In this article, we will discuss KYNMOBI ™ (Overview). So, let’s get started.
KYNMOBI (apomorphine hydrochloride) is a non-ergoline dopamine agonist indicated for the acute, intermittent treatment of “off” episodes in patients with Parkinson’s disease.
Dosage and Administration
• Sublingual administration only
• Dose initiation should be supervised by a healthcare provider
• Treatment with a concomitant antiemetic, e.g. trimethobenzamide, is
recommended, beginning 3 days prior to initial dose of KYNMOBI™.
• The dose range for KYNMOBI is 10 mg to 30 mg per dose, administered sublingually, as needed.
• KYNMOBI™ doses should be separated by at least 2 hours
• Maximum of 5 doses per day; maximum single dose is 30 mg.
Dosage Forms and Strength
KYNMOBI™ sublingual film: 10 mg, 15 mg, 20 mg, 25 mg, and 30 mg of apomorphine hydrochloride.
• Concomitant use of KYNMOBI™ with 5HT3 antagonists
• Hypersensitivity to apomorphine or any of its ingredients including sodium metabisulfite.
Warnings and Precautions
• Nausea and vomiting may occur
• Falling asleep during activities of daily living and daytime somnolence may occur, discontinue KYNMOBI if occurs
• Syncope and hypotension/orthostatic hypotension may occur, monitor
• Oral mucosal irritation may occur, which may require pausing or discontinuing treatment
• Falls may occur, or increase
• May cause hallucinations and psychotic-like behavior
• May cause impulse control and impulsive behaviors, consider dose reduction or discontinuing KYNMOBI if occurs.

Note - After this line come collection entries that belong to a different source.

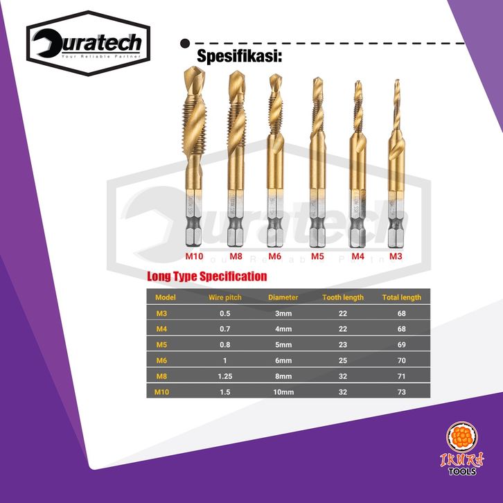Mata Bor Pembuat Ulir Drat 6pcs Drill Tap Set M3-M1 Hex Twist Drill - Mata Bor Tap Ulir Baut Drat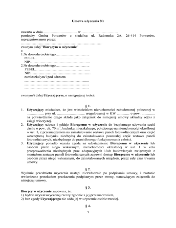Umowa użyczenia Nr zawarta w dniu ...................................... w …………………………. pomiędzy Gminą Potworów z siedzibą: ul. Radomska 2A, reprezentowanym przez: …………………………………………………………… zwanym dalej ”Biorącym w użyczenie” a 1.Nr dowodu osobistego……………………….. PESEL……………………………………….. NIP…………………………………………… 2.Nr dowodu osobistego……………………….. PESEL……………………………………….. NIP…………………………………………… zamieszkałym/i pod adresem ……………………………………………...... ……………………………………………….. ……………………………………………….. 26-414 Potworów, zwanym/i dalej Użyczającym, o następującej treści: § 1. 1. Użyczający oświadcza, że jest właścicielem nieruchomości zabudowanej położonej w ................... przy ul. ............................... uregulowanej w KW .............. o pow. ............... na potwierdzenie czego składa jako załącznik do niniejszej umowy aktualny odpis z księgi wieczystej. 2. Użyczający użycza i oddaje Biorącemu w użyczenie do bezpłatnego używania część dachu o pow. ok. 70 m2, budynku mieszkalnego, położonego na nieruchomości określonej w ust. 1, z przeznaczeniem na zainstalowanie zestawu paneli fotowoltaicznych oraz część wewnętrzną budynku niezbędną do zainstalowania pozostałej część zestawu paneli fotowoltaicznych, niezbędnego do prawidłowego funkcjonowania całości. 3. Użyczający ponadto wyraża zgodę na udostępnienie Biorącemu w użyczenie lub osobom przez niego wskazanym, nieruchomości określonej w ust. 1 w celu przeprowadzenia niezbędnych prac adaptacyjnych i/lub budowlanych związanych z montażem zestawu paneli fotowoltaicznych zapewni dostęp Biorącemu w użyczenie lub osobom przez niego wskazanym, do zainstalowanych urządzeń, przez cały czas trwania umowy. § 2. Wydanie przedmiotu użyczenia nastąpi niezwłocznie po podpisaniu umowy, i zostanie stwierdzone protokołem przekazania podpisanym przez strony, stanowiącym załącznik do niniejszej umowy. § 3. Biorący w użyczenie zapewnia, że: 1) będzie używał użyczonej rzeczy zgodnie z jej przeznaczeniem, 2) bez zgody Użyczającego nie odda jej w użyczenie osobie trzeciej. § 4. 1 1. Umowa zostaje zawarta na czas określony od dnia podpisania umowy do dnia 31 grudnia ……. r. jednak nie dłużej niż do upływu 5 lat od dnia zatwierdzenia końcowego raportu z realizacji przedsięwzięcia pn. „Budowa instalacji fotowoltaicznych na terenie Gminy Potworów”. 2. Umowa użyczenia ulega rozwiązaniu ze skutkiem natychmiastowym w następujących przypadkach: 1) gdy Biorąca w użyczenie Gmina Potworów nie uzyska pozytywnego wyniku na etapie oceny formalnej lub merytorycznej wniosku aplikacyjnego złożonego w 2016 r. w ramach RPO Województwa Mazowieckiego – Działanie 4.1 „Odnawialne źródła energii” o dofinansowanie przedsięwzięcia pod nazwą „Budowa instalacji fotowoltaicznych na terenie Gminy Potworów” obejmującego zakup i instalację zestawów paneli fotowoltaicznych w indywidualnych gospodarstwach domowych mieszkańców Gminy Potworów, 2) gdy nie dojdzie do podpisania umowy o dofinansowanie przedsięwzięcia pod nazwą „Budowa instalacji fotowoltaicznych na terenie Gminy Potworów”, 3) rozwiązania umowy montażu zestawu fotowoltaicznego zawartej pomiędzy tymi samymi stronami. 3. W przypadku wcześniejszego rozwiązania umowy przez Użyczającego, dokona on zwrotu nakładów poniesionych przez Biorącego w użyczenie na zakup i zainstalowanie zestawu paneli fotowoltaicznych, którego szacunkową wartość w dniu podpisania umowy określa się na kwotę 70.000 zł netto. 4. Postanowienia ust. 3 mają zastosowanie w przypadku, zbycia nieruchomości, jeśli nabywca lub następca prawny nie wstąpi w prawa strony niniejszej umowy. § 5. Po zakończeniu użyczenia, Biorący w użyczenie obowiązany jest zwrócić przedmiot umowy w stanie niepogorszonym wraz z zainstalowaną infrastrukturą, bez dodatkowego wezwania ze strony Użyczającego, co zostanie stwierdzone protokołem odbioru podpisanym przez obie strony, jednakże Biorący w użyczenie nie ponosi odpowiedzialności za zużycie rzeczy będące następstwem prawidłowego używania. § 6. Wszelkie zmiany umowy mogą być dokonywane przez strony w formie pisemnej pod rygorem nieważności. § 7. Do spraw nieuregulowanych niniejszą umową zastosowane mają właściwe przepisy Kodeksu Cywilnego. § 8. Umowę sporządzono w dwóch jednobrzmiących egzemplarzach, po jednym dla każdej ze stron. Użyczający: Biorący w użyczenie: 2 UMOWA zawarta w dniu ...................................... w …………………………. pomiędzy Gminą Potworów z siedzibą: ul. Radomska 2A, reprezentowanym przez: …………………………………………………………… zwanym dalej ”Biorącym w użyczenie” a 1.Nr dowodu osobistego……………………….. PESEL……………………………………….. NIP…………………………………………… 2.Nr dowodu osobistego……………………….. PESEL……………………………………….. NIP…………………………………………… zamieszkałym/i pod adresem ……………………………………………...... ……………………………………………….. ……………………………………………….. zwanym/i dalej Właścicielem, o następującej treści: 1. 2. 3. 4. 26-414 Potworów, § 1. Przedmiot umowy Przedmiotem niniejszej umowy jest ustalenie wzajemnych zobowiązań organizacyjnych i finansowych, związanych z montażem zestawu paneli fotowoltaicznych w budynku mieszkalnym Właściciela, realizowanym w ramach projektu „Budowa instalacji fotowoltaic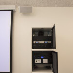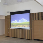 I salen er projektoren, af kosmetiske hensyn, placeret bagerst i lokalet og billedet projiceres på et motorlærred med sort afmaskning (for at hæve den oplevede kontrast).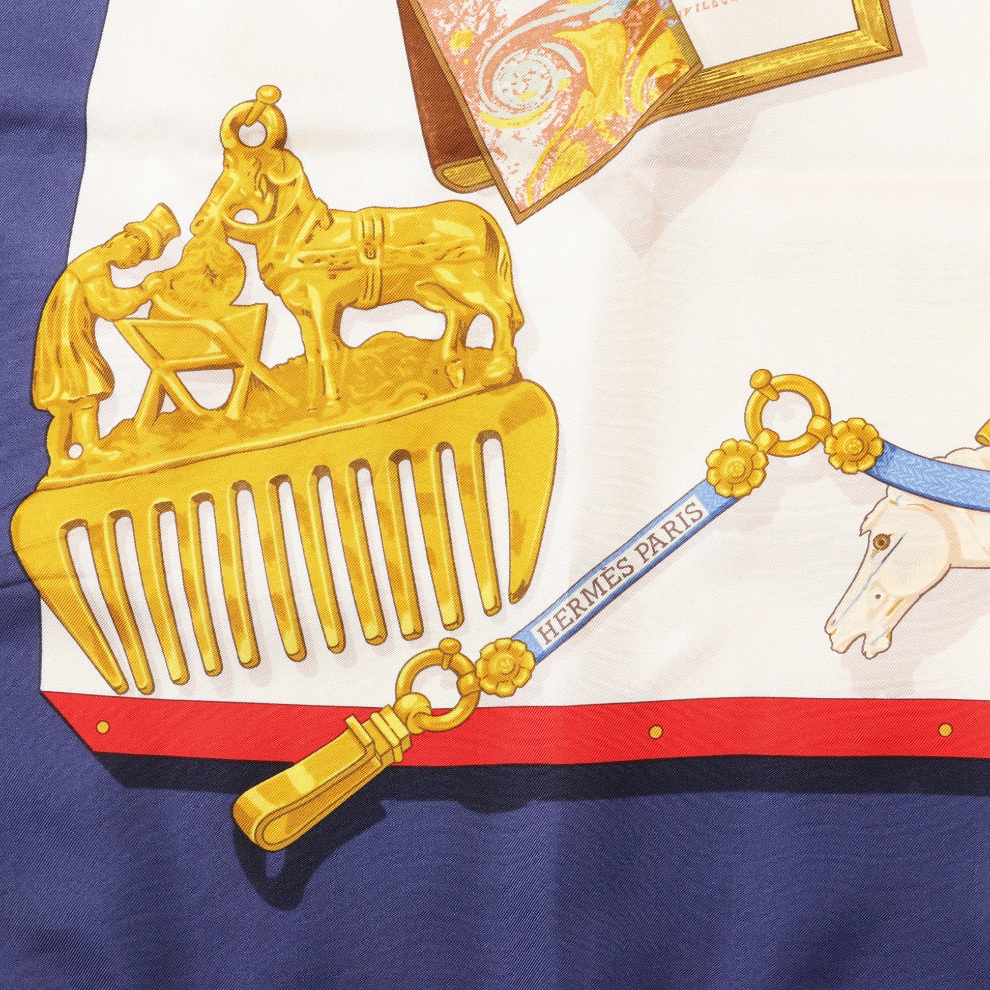 Der Hermès Carré 90 „Mémoire d'Hermès“ in Marineblau ist ein luxuriöser Seidenschal, der das reiche Erbe der Marke zelebriert und mit ikonischen Objekten und historischen Motiven in exquisiten Details illustriert ist.

• Withdrawal-emergent hyperpyrexia and confusion may occur with rapid dose reduction or withdrawal
• May prolong QTc and cause torsades de pointes or sudden death; consider risk factors prior to initiation.
Most common adverse reactions incidence at least 10% in patients treated with KYNMOBI™ and with an incidence greater than placebo) were nausea, oral/pharyngeal soft tissue swelling, oral/pharyngeal soft tissue pain and paraesthesia, dizziness, and somnolence.